Ultimately the remainers don't want to be inconvenienced and do not want to be disturbed by reality. The shallow, selfish existence of the modern Brit, living in blissful ignorance is what they seek to preserve - oblivious to the omni-crisis happening on the mainland EU. Those who are particularly well served by the status quo are content to live our their lives at the expense of everyone else, passing the bill to the next generation.

That is not the world I wish to hand to my nice and nephew. I do not want to see them rattle around as mere economic units in this empty lie of an economy producing nothing and believing in nothing. I want them to have a real life in a country with a purpose - not as a mere region of an increasingly corporatised and homogenised Europe.

Ever since the referendum we have seen the ugly face of the remainers. It is a great slander to suggest that Brexit is motivated by a hatred of foreigners. Equally so to suggest that we are not fit to decide for ourselves whether we want to be governed by the EU.
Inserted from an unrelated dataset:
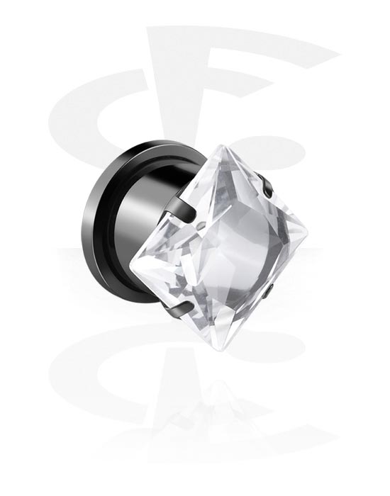 Tunel z odkręcaną ścianką (stal chirurgiczna, czarny, błyszczące wykończenie) z z kryształem

We eurosceptics warned over many years that we were signing up to something far more extensive than simply a trading relationship and there would be a price to pay for doing it. Once the EU deception become clear leaving was a certainty. It was only a question of timing. The Lisbon Treaty has made it infinitely more difficult and costly and if you want someone to blame for what is happening now then take issue with those hubristic politicians who ratified it.

Now that we are leaving we should welcome the challenge and get ready to make best use of the opportunities it presents. Those who say there are none are those with no imagination or drive. They who were content to fester in a stagnant settlement. Their petty griping over Brexit reveals their character. That is not Britain though.

The majority of people, whether they voted to leave or not now stand ready to make the best of what Mrs May can get. And she will do ok so long as she keeps it real. The hardcore leavers can bleat about hard Brexit all they like, but Mrs May has a duty to the country to ensure that Brexit gives us the change we need while safeguarding our future relations with the EU. If that means, for the time being that we stay in the single market then so be it. We have enough change to be getting on with for now.